Deciding--and explaining--whether to give money to friends and family can be tricky for relationships. iStockPhoto // Marina Demeshko

saving money, saving relationships

When a friend or family member asks for money and you are unable or unwilling to help, how do you say no without damaging the relationship? A new study by Kristen McNeill and Rachael Pierotti in Socio-Economic Review investigates this universal dilemma through interviews and focus groups with factory workers in Cote d’Ivoire. The findings suggest that the practice of earmarking, or explaining that one’s money is already set aside for another purpose, can resolve this dilemma, leaving one’s savings—and the relationship—intact after a monetary ask.
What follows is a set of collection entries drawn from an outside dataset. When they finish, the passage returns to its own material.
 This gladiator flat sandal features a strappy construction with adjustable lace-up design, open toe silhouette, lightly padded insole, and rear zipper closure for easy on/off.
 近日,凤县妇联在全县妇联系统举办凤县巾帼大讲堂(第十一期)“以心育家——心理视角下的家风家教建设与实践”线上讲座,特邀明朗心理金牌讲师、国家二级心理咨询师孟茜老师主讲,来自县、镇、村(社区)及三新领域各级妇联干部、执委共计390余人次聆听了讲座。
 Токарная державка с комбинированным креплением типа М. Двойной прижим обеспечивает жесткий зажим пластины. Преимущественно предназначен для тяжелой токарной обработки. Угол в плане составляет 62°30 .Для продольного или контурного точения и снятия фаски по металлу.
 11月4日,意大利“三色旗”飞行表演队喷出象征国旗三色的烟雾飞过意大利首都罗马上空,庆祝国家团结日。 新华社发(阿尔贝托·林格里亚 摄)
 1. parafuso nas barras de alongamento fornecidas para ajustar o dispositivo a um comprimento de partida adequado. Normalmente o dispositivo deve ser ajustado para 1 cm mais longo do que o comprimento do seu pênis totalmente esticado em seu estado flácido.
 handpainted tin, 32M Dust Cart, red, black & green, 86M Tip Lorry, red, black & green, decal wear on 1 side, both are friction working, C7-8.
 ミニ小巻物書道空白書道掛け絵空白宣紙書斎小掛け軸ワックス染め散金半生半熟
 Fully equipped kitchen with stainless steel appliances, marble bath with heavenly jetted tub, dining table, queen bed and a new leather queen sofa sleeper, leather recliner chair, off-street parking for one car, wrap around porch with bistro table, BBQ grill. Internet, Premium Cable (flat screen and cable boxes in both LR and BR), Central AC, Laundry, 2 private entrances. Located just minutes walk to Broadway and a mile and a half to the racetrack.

In some cases, the rhetorical strategy of earmarking is deployed with all sincerity: a potential giver wants to help but genuinely feels they cannot. In other cases, when the asker is perceived as undeserving or the expense frivolous, a potential giver may fabricate an earmark as an excuse for not choosing to help. In both cases, earmarking provides a socially acceptable reason for refusal that helps maintain the relationship. Additionally, the authors demonstrate that an individual’s perception of being able to give is itself subjective. When the asker’s need is deemed sufficiently urgent and socially valued, like a medical expense, the potential giver generally feels able to give even if it means overriding an earmark.

The authors’ discovery that some earmarks are (or can be) overridden while others remain intact suggests the distinction between can’t help and won’t help is—at least when it comes to money—more complicated than it may initially appear. It also demonstrates that earmarking isn’t only a strategy for saving money, it’s a strategy for saving relationships.